Question

I refactored my WPF code recently and now my DispatcherTimer stopped firing. I checked other similar posts here, but they all seemed to be problems with having the wrong dispatcher thread set, which I tried...

My code looks like this:

class MainWindow : Window
{
    private async void GoButton_Click(object sender, RoutedEventArgs e)
    {
        Hide();

        m_files = new CopyFilesWindow();
        m_files.Show();

        m_dispatcherTimer = new DispatcherTimer();
        m_dispatcherTimer.Tick += dispatcherTimer_Tick;
        m_dispatcherTimer.Interval = new TimeSpan(0, 0, 0, 0, 250);
        m_dispatcherTimer.Start();

        await SomeLongRunningTask();

        m_files.Hide();
        Show();
    }

(The current class is my main Window object, which I hide for the duration of file copying. CopyFilesWindow is a simple Xaml window that contains controls I modify...CopyFilesWindow does absolutely nothing itself.)

Basically, I await a long running task (copying a bunch of large files), and my DispatcherTimer is supposed to update the progress in dispatcherTimer_Tick. However, I set a breakpoint on that function and it doesn't get hit.

I have also tried setting the Dispatcher with the constructor like so:

        m_dispatcherTimer = new DispatcherTimer(DispatcherPriority.Normal, m_files.Dispatcher);
        m_dispatcherTimer = new DispatcherTimer(DispatcherPriority.Normal, this.Dispatcher);

But neither of these things change the behavior...it still doesn't fire.

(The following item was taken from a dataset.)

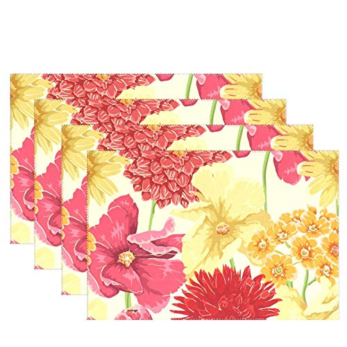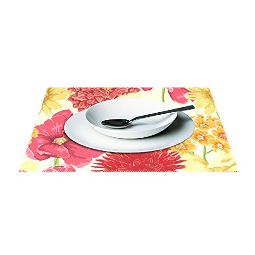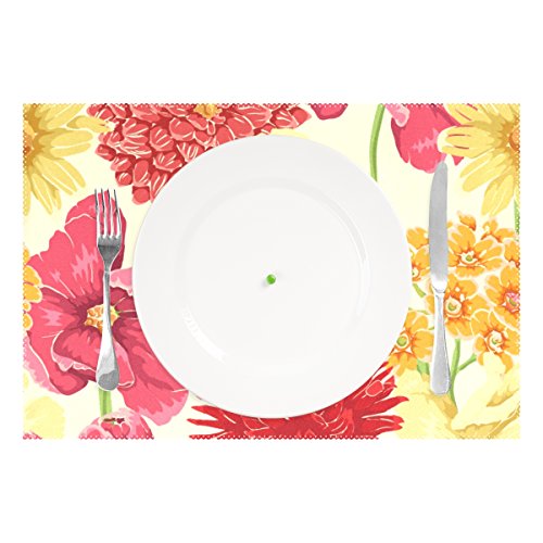 wihveプレースマットWipeableダイニング水彩花トロピカル 12 x 18 inch
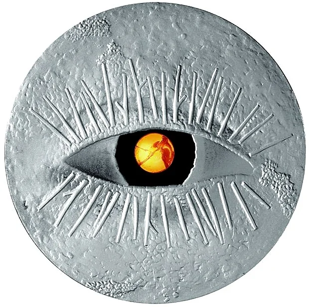 After forty million years, amber met its first human. An amber-pupiled eye gazes from the coin's reverse.

What am I doing wrong here?

Was it helpful?

Solution

The DispatcherTime runs on the ... Dispatcher thread. Which is stuck waiting SomeLongRunningTask() to finish.

Indeed, when you press the button Go, it is the dispatcher thread which executes GoButton_Click. Thus, you should never make a method called by UI (the dispatcher thread) async.

private void GoButton_Click(object sender, RoutedEventArgs e)
{
    Hide();

    m_files = new CopyFilesWindow();
    m_files.Show();

    m_dispatcherTimer = new DispatcherTimer();
    m_dispatcherTimer.Tick += dispatcherTimer_Tick;
    m_dispatcherTimer.Interval = new TimeSpan(0, 0, 0, 0, 250);
    m_dispatcherTimer.Start();

    SomeLongRunningTask.ContinueWith(() => 
    {
        // Executes this once SomeLongRunningTask is done (even if it raised an exception)
        m_files.Hide();
        Show();
    }, TaskScheduler.FromCurrentSynchronizationContext());  // This paramater is used to specify to run the lambda expression on the UI thread.